Will a telehealth model effectively engage adolescents with obesity and their parents to participate in their treatment plan?
Do GLP-1 agonist medications work to improve weight status and reduce or eliminate comorbidities in adolescents?
I’ve worked for over two decades as a community pediatrician to address the childhood and adolescent obesity epidemic. I can say with full certainty, when it comes to adolescents, we aren’t getting anywhere. With the COVID-19 pandemic, the rates of adolescents with obesity, eating disorders, mental health diagnoses, and health disparities have increased. It’s imperative that we adopt a new approach.

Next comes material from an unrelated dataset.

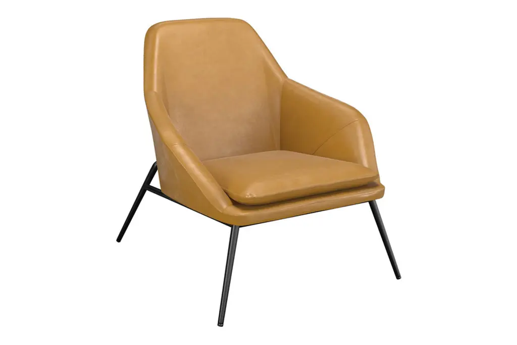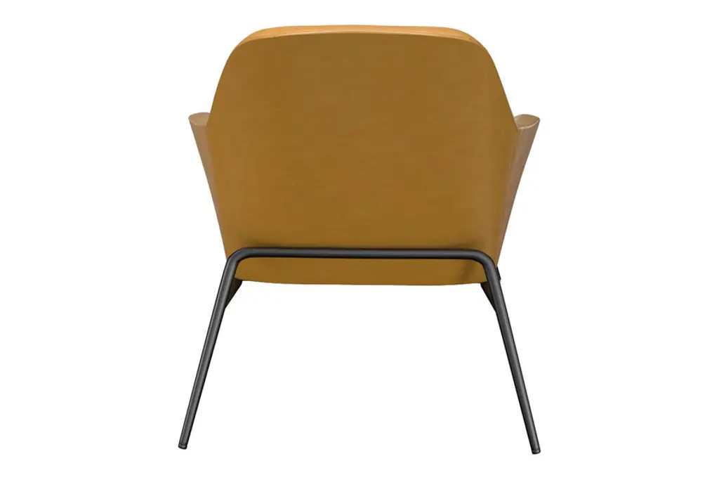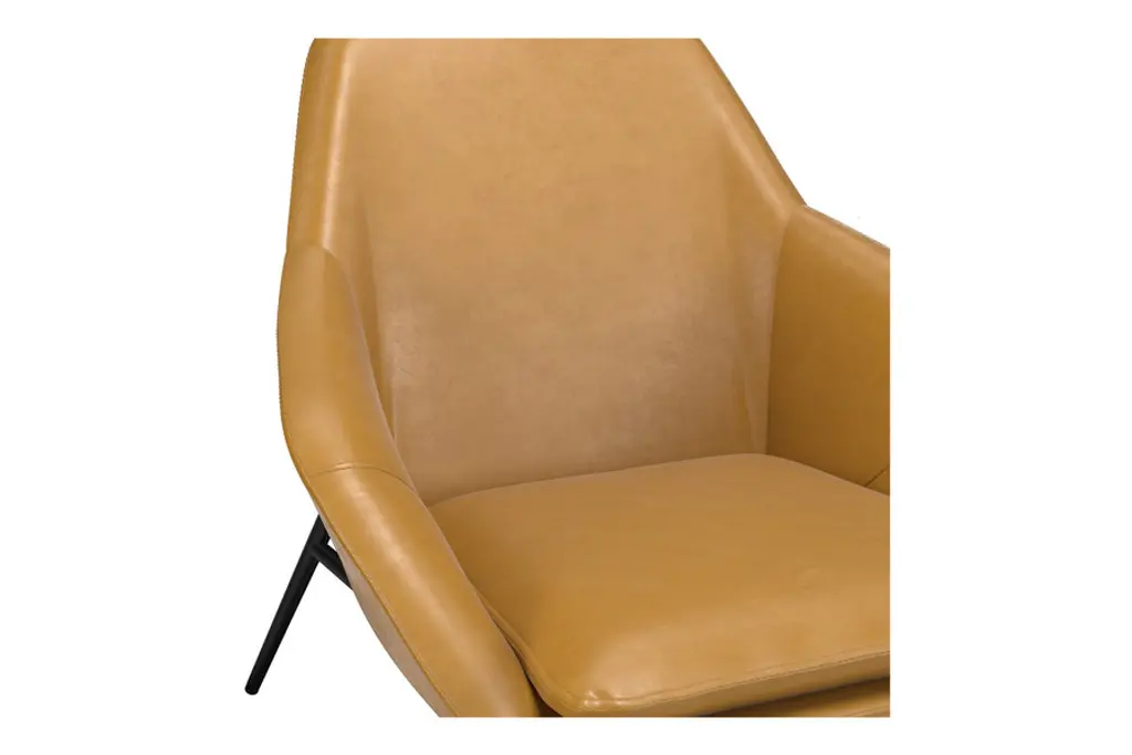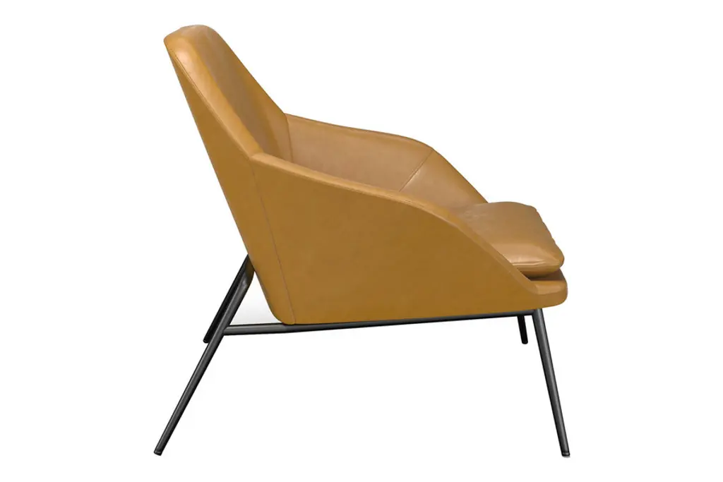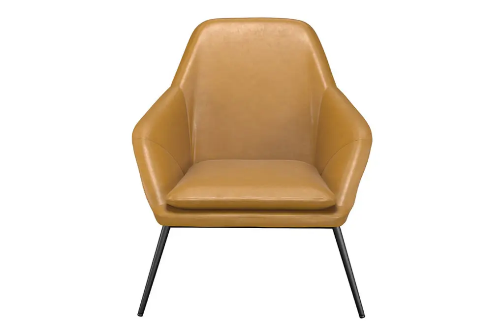The Belmont Lounge Chair has a classic polished design with sharp geometric angles. It is fully padded in plush cushioning upholstered in a smooth vegan leather. Its stately design features a high backrest, ergonomic contoured seat and soft sloping arms for exceptional comfort and lumbar support. Its tapered and splayed legs add an element of Danish-inspired sophistication to its overall aesthetic. You also have the choice of leatherette color to meet your style preferences. Supported by a strong black steel frame, this type of lounge chair will be around for a long time, giving you heaps of good use for years to come.

As a medical director of a weight management program at a Children’s Hospital, I found it was difficult to engage adolescents due to high attrition, low program adherence, and low attendance rates. There were no effective treatments offered other than bariatric surgery, but it is drastic and not feasible for most adolescent patients. When I was told to refer adolescents to the bariatric pathway at their first visit, I knew my values and vision didn’t align with a corporate profit-only driven system.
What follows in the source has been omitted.